Japanese land-based oyster company aims to eliminate vibrio, norovirus

General Oyster Corporation's innovative oyster-purification system.

Tokyo, Japan-based General Oyster Corporation has developed an innovative purification system that aims to eliminate instances of vibrio and norovirus in its products on a mass scale, as instances of both have resulted in recent recalls and general wariness among consumers.

Consumer anxiety around the safety of oysters is particularly prevalent in Japan, where diners rarely eat oysters raw due to the country’s warm, subtropical waters that can lead to higher instances of vibrio and norovirus. Instead, oysters are often cooked in a hotpot or are served fried and breaded.

General Oyster – a pioneer of raw oyster bars in Japan – is on a mission to change Japanese perceptions around consuming the mollusk. 

The company opened its first outlet in 2001 and is now the country’s largest operator of oyster bars; however, several incidents of norovirus that made headlines in Japan in 2006 caused reputational damage to raw oyster bars and have resulted in companies like General Oyster needing to get creative to combat those impressions.

That ingenuity has resulted in the development of a unique method of purifying oysters to avoid instances of vibrio and norovirus.

Conventionally, oysters go through a process known as depuration that involves the mollusks being held in tanks of filtered, purified water at facilities for up to 20 hours. This allows oysters to get rid of most of their harmful bacteria before they end up on the market. The process, though, is not guaranteed to eliminate instances of harmful bacteria or viruses.

What General Oysters does differently is that it purifies its oysters in deep-sea water – or water taken from a depth of over 200 meters – for 48 hours in tanks that possess a flow-through system to promote effective water exchange.

Deep-sea water is particularly effective in eliminating instances of vibrio and norovirus because little light penetrates such depths in the ocean, resulting in minimal bacterial activity and making the water ideal as pure water for depuration.

Furthermore, the company is working with the University of Tokyo to conduct experiments on the production of microalgae for use in aquaculture feed containing the abundant nutrients that deep-sea water offers.

The consistent temperature and plentiful nutrients that deep-sea water provides to a land-based facility have an added benefit besides minimizing the risks of vibrio and norovirus. While oysters grown in the ocean typically take two years to reach harvest size, General Oyster aims for harvest at one year.

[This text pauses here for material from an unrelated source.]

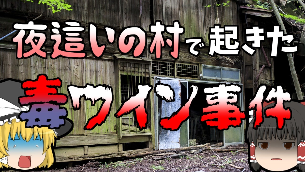 今回はリクエストがあった『名張毒ぶどう酒事件』の紹介です。<br>人口100人あまりの小さな村で起きた事件です。この事件で犯人とされた人物は、決定的な証拠もなく逮捕され、獄中で死亡しました。<br>この村には当時まだ夜這いの風習があったとされ、三角関係のもつれが動機だったとされています。<br>この事件の再審請求は現在でもまだ行われていて、冤罪説も多く存在しています。<br>映画、ドラマ、小説、ドキュメンタリーなどにもなっている事件なので、興味があったら是非見てみてください。<br><br>引用:出典:参考<br>東海テレビ<br><a href="https://ishort.ink/RQjL" target="_blank" rel="noopener nofollow">https://ishort.ink/RQjL</a><br>刑事弁護OASIS<br><a href="https://ishort.ink/oUnj" target="_blank" rel="noopener nofollow">https://ishort.ink/oUnj</a><br>FC2ブログ<br><a href="https://ishort.ink/1aBd" target="_blank" rel="noopener nofollow">https://ishort.ink/1aBd</a><br><br><a href="https://ishort.ink/1aBd" target="_blank" rel="noopener nofollow">https://ishort.ink/1aBd</a><br />※この動画は過去の事件を知り、現在でも同じことが発生する危険性を再認識、関与しないように促すための動画であり、視聴者を扇動、動揺を誘うためのコンテンツではありません。<br><br>ご要望にお応えして、メンバーシップの開設を行いました。<br>下記URLからも登録可能ですので、ご興味がある方は是非ご参加ください。<br><a href="https://www.youtube.com/channel/UCcT5a1J7XJW7CLYI2RKl4pw/join" target="_blank" rel="noopener nofollow">https://www.youtube.com/channel/UCcT5a1J7XJW7CLYI2RKl4pw/join</a><br><br><br>Twitter<br>→<a href="https://twitter.com/yukkurisurutoko" target="_blank" rel="noopener nofollow">https://twitter.com/yukkurisurutoko</a><br><br>取り急ぎ、簡易的にですがマイリストを作りました。<br>【ゆっくり解説】事故・事件関係紹介リスト <br><a href="https://www.nicovideo.jp/mylist/71034319" target="_blank" rel="noopener nofollow">https://www.nicovideo.jp/mylist/71034319</a><br>【ゆっくり解説】放射線系事故<br><a href="https://www.nicovideo.jp/mylist/71034368" target="_blank" rel="noopener nofollow">https://www.nicovideo.jp/mylist/71034368</a><br>【ゆっくり解説】鉄道系事故・事件関連<br><a href="https://www.nicovideo.jp/mylist/71034379" target="_blank" rel="noopener nofollow">https://www.nicovideo.jp/mylist/71034379</a>

The company promotes its product with the slogan Atarani kaki, which literally translates to “Oysters that do not hit,” meaning that diners who consume General Oyster products will not be hit with gastrointestinal distress that often comes as a result of an oyster carrying vibrio or norovirus.

“This summer, we succeeded in the world's first land-based aquaculture of oysters using deep-sea water, which we have been researching since 2014 in Kumejima, Okinawa Prefecture, and the norovirus-free oyster '8th Sea Oyster-2.0' was born,” the company said in November 2023. “In the future, we are preparing for mass production and market sales.”

If successful on a mass scale, the unique depuration process could help global oyster producers ensure their products remain free from vibrio and norovirus, which continue to plague seafood consumers and companies alike around the world.

Recently, oysters from Fanny Bay Oysters in British Columbia, Canada, were under a voluntary recall after test results indicated the presence of the bacteria Vibrio parahaemolyticus, which can cause severe gastrointestinal distress in humans and even lead to death.

Albeit rare, that fatal outcome played out multiple times across the U.S. last summer. 

Officials in the states of Connecticut and New York issued vibrio warnings after several people became infected with the bacteria and later died from the infection. A few of the deceased ingested water while swimming in areas that contained the bacteria, while another contracted the bacteria directly from consuming a raw oyster.

Another instance of raw oyster consumption leading to a deadly outcome occurred in the U.S. state of Missouri in June 2023, when a man ate a tainted oyster and passed away soon after. The particular strain of the bacteria that led to each of the U.S. deaths was Vibrio vulnificus.